Structurally, Will Haunt You gets a bit experimental at times. The plot is mostly linear, but there are instances where the fourth wall is not only broken, but obliterated, dragging the reader into the story. In the hands of a lesser writer, these scenes could have caused the narrative to unravel, but Kirk manages to make them an integral part of the plot and keep reader’s engaged. There’s also some scenes where Jesse’s internal dialogue becomes garbled and there are numbers injected into the middle of words. At first it looks like a typo, but when you learn of the reasoning behind it and how it ties into the overall plot, it just oozes a weirdness that’s pretty damn unsettling.

Will Haunt You is a blend of psychological and cosmic horror, filtered through Kirk’s unique imagination. There are touchstones of these subgenres throughout the story to help tether the reader to something familiar, but make no mistake, Will Haunt You is anything but ordinary. Kirk immerses readers in a mind-melting nightmare world and unleashes a unique set of horrors. Without going into spoilers, one of my favorite aspects of the novel was that for the most part, the horrors were heavily psychological. Don’t get me wrong, there is plenty of action, violence, and the occasional moment of gore, but that doesn’t seem to be the focal point. Rather than traditional scares, Kirk builds a sense of existential dread that permeates every page of Will Haunt You once Jesse realizes this isn’t just his friends messing with him. There’s something terrifying about not being able to trust your own mind and what you perceive as reality. What’s real? Who can he trust? Why is this group messing with him? Those are just a few of the mysteries that make Will Haunt You such an addictive read.
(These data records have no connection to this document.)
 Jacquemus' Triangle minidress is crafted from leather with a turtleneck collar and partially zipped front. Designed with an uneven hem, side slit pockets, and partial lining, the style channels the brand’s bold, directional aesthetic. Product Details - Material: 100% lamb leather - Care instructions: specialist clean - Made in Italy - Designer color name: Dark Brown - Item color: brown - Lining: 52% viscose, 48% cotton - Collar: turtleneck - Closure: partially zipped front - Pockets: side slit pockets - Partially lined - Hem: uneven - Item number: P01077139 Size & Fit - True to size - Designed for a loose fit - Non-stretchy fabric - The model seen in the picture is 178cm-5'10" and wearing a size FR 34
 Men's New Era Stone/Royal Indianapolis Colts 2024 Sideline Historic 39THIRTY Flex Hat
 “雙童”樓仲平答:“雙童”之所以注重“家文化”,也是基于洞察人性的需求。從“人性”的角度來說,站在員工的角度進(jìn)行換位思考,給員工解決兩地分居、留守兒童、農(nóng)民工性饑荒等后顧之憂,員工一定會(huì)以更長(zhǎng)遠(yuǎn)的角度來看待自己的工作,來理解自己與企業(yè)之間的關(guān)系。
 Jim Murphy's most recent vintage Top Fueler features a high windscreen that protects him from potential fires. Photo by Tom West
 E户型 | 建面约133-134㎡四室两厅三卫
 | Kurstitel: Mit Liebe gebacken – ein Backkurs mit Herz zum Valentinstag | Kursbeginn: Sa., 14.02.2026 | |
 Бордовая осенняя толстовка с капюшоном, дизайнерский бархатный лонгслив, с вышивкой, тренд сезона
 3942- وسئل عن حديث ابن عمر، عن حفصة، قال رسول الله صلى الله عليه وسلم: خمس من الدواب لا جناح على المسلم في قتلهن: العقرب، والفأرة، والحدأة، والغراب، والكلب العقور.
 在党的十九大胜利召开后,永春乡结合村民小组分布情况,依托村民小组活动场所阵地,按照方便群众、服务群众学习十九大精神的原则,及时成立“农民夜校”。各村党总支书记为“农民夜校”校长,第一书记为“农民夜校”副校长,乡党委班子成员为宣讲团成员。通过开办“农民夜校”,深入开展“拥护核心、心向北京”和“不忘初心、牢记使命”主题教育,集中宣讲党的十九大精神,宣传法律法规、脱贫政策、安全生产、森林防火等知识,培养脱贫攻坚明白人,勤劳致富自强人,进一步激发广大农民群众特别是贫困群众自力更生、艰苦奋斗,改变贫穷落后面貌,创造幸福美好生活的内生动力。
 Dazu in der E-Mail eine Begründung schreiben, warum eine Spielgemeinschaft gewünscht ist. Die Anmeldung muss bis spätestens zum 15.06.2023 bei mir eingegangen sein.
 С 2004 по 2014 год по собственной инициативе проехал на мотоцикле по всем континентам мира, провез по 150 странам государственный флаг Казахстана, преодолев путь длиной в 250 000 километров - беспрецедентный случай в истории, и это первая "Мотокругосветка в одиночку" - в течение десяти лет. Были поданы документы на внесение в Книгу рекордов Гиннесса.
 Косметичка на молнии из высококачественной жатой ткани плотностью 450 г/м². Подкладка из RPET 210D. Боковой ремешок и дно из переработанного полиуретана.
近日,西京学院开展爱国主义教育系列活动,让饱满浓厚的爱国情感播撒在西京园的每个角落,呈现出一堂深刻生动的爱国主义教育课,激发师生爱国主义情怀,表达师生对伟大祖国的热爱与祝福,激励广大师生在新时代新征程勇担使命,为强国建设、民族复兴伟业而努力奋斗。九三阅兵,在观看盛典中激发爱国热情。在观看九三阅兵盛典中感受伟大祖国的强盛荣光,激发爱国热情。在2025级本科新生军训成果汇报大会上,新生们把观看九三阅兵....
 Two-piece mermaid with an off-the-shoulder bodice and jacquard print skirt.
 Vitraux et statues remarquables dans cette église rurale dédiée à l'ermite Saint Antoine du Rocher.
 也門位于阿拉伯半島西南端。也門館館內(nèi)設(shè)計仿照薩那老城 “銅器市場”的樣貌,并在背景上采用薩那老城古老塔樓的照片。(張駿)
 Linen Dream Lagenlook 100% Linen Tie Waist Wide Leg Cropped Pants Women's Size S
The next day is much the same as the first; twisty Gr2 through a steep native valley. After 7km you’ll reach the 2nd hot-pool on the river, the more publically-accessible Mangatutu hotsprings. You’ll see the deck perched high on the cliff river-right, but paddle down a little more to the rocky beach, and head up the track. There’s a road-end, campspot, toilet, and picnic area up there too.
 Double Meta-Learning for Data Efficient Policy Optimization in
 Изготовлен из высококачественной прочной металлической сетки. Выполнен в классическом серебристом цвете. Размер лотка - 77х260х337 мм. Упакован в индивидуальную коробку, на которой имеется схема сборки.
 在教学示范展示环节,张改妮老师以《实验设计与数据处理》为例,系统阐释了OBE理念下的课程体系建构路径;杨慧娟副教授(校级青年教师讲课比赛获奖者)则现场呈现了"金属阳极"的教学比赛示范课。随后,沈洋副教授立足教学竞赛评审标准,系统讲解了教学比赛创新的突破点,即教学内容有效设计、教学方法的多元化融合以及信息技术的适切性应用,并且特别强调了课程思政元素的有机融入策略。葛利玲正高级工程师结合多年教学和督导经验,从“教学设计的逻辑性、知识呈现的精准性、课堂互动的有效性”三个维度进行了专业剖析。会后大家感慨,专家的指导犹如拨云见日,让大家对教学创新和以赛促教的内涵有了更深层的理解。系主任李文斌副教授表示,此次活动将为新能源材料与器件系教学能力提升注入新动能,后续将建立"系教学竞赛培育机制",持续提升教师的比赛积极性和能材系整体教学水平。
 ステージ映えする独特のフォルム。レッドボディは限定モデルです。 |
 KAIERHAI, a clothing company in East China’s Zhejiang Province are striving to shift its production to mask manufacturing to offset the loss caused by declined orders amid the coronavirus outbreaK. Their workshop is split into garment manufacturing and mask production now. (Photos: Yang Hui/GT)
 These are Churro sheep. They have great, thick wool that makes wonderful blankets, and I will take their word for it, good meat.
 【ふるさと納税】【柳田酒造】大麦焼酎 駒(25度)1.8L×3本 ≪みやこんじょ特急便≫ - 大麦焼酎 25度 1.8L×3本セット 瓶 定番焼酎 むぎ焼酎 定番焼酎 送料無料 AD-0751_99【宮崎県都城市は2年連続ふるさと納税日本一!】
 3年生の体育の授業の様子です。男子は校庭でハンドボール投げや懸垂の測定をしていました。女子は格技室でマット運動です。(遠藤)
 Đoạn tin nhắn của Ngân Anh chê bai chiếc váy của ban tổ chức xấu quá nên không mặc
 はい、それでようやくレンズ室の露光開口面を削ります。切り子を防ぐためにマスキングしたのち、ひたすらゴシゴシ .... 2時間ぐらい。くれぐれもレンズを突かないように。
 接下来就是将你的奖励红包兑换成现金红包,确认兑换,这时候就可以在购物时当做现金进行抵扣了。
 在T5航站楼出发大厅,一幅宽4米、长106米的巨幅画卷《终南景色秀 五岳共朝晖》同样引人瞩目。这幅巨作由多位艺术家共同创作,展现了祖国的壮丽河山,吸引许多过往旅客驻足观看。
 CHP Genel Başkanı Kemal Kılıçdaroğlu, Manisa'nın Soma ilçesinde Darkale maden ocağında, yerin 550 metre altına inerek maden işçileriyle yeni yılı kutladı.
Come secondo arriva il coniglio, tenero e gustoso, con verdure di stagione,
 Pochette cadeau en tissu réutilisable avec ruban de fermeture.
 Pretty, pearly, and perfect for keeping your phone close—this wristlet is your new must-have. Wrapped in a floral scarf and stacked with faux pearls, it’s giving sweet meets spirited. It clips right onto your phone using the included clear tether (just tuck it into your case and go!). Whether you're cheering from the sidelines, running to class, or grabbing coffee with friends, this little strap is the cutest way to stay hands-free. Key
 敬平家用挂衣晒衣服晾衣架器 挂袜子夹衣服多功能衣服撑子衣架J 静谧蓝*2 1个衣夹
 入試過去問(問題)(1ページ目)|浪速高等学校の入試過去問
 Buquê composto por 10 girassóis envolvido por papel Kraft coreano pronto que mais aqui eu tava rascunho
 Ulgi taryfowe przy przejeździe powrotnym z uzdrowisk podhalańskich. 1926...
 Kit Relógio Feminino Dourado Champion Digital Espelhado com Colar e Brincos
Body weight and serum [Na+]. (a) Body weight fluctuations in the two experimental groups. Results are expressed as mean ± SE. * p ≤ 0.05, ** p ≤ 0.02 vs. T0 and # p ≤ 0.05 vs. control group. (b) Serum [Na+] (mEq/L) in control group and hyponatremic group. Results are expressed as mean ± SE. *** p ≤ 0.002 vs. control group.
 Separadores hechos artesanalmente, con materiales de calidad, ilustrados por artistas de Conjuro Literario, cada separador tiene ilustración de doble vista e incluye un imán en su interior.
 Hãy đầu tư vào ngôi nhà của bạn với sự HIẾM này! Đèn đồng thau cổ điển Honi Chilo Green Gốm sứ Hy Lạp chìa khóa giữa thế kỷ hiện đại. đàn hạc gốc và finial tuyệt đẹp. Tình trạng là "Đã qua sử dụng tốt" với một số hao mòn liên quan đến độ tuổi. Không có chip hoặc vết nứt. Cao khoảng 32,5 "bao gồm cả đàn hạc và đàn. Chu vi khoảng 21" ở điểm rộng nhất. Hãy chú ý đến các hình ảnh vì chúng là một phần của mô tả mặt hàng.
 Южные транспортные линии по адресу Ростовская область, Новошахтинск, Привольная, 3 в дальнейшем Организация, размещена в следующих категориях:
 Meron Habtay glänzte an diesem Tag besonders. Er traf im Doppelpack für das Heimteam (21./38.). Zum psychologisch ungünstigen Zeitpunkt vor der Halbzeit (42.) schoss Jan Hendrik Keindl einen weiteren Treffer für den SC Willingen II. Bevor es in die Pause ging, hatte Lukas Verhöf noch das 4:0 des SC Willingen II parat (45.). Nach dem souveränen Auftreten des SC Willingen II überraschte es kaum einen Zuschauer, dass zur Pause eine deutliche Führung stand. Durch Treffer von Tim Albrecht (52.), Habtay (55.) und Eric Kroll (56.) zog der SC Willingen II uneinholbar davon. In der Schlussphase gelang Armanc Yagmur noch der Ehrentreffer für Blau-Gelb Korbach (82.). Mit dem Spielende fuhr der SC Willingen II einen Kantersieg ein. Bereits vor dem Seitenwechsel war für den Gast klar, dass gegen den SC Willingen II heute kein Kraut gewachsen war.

Will Haunt You is expertly plotted and full of surprises. I won’t tell you what they are because that would spoil the fun, but Kirk hides Easter Eggs throughout the novel that adds multiple layers of enjoyment to the overall narrative. The two books are wildly different, but when I think about all of the tie-ins to Will Haunt You – from those hidden surprises to the viral internet-based Obsideo – I think of a more accessible House of Leaves. One thing is for certain, with Brian Kirk’s reality shattering Will Haunt You, he has cemented himself as one of the genre’s most exciting voices and I can’t wait to see what he has planned next.


3 replies »

  1. I haven’t read We Are Monsters, but I remember reading “Picking Splinters” and cringing. I wanted to put it down but could NOT. This new novel from Kirk sounds awesome. Thanks for posting your review.